NENA Chief Executive Officer Brian Fontes said he wants to “set the record straight” on comments by “another organization” that he said “has mischaracterized NENA as opposing the legislation. That is clearly not the case. We do, however, support improving the language in a few areas of the statute.”

“We do believe they’re easy fixes, and we hope that those fixes will be made,” Mr. Fontes said, adding that “through these changes, we are convinced that the grant program will be more efficient, effective, and achievable in a timely manner.”

Mr. Fontes had no comment in response to a TR Daily question via e-mail about whether he was referring to the Association of Public-Safety Communications Officials-International, which has noted concerns that NENA and NASNA have with the bill and said that complaints about the legislation “are based either on misrepresentations of the bill language or just plain misinformation” (TR Daily, March 31). APCO is one of eight major public safety groups lobbying for the bill as part of the Public Safety Next Generation 9-1-1- Coalition.

Dan Henry, NENA’s regulatory counsel and director-government affairs, said that the group’s top priority concerning the legislation is modifying the definition of “commonly accepted standards,” which he said could exclude NENA’s i3 standard.

The definition of commonly accepted standards should not require the i3 standard, GIS (geographic information system) standards, and other standards to be approved by the American National Standards Institute (ANSI) and meet the bill’s definition of “interoperable” while not requiring other standards to meet that definition, NENA and NASNA have argued. NENA has 50 standards that haven’t been approved by ANSI, Mr. Henry said.

Mr. Henry said that lawmakers should modify the bill so commonly accepted standards are those “followed by the communications industry that enable interoperability, are consensus-based, and are developed by recognized standards development organizations.”

Mr. Henry detailed other changes that NENA and NASNA are pushing in the NG-911 legislation.

He said that (1) the definition of “interoperable” should recognize that proprietary interfaces may be needed during the NG-911 transition, (2) the Public Safety Advisory Board should be staffed with NG-911 experts, (3) the mission of a nationwide NG-911 security operations center should be clarified or establishment of the center should be deleted from the bill, and (4) Congress should defer to the FCC on reliability requirements rather than imposing additional mandates.
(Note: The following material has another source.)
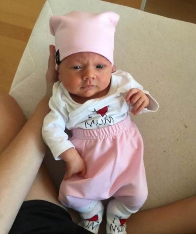 Hrdá Terka neustále svou malou ratolest fotí a vypadá to, že i když sice asi jen těžko ví, co se zrovna děje, tak umí tak rozkošně zapózovat, že u toho jedno oko nezůstane suché. Prostě rozená královna krásy, které pozornost dělá jen a jen dobře.
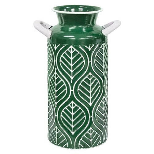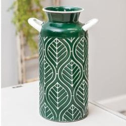 Leaf Enamel Milk Can is made of enamel and features a deep green, matte finish with two white handles for detail and easy carrying. Can is accented by geometric leaves that have been embossed into the sides. Measures 12.5” high by 5.5” in diameter.

NASNA President Maria Jacques and NASNA Executive Director Harriet Rennie-Brown also discussed the NG-911 legislation, especially the current standards definition.

“This goes way beyond the battle of NENA i3,” Ms. Jacques said. “What about the other standards” of NENA’s and GIS standards that are not ANSI accredited? she asked.

Don Brittingham, president of consulting firm Northern Lights Consulting LLC and chair of iCERT’s Policy Committee, outlined concerns his group has with the NG-911 legislation.

He said it is also concerned with the standards definition, saying it is “overly prescriptive” and “inherently biased.” He said the bill treated i3 and other standards unfairly and said that lawmakers should amend the bill to support all NG-911 standards.

Regarding cyber provisions, Mr. Brittingham said iCERT has concerns that the bill, through establishment of the national NG-911 security operations center, puts responsibilities on the federal government instead of states.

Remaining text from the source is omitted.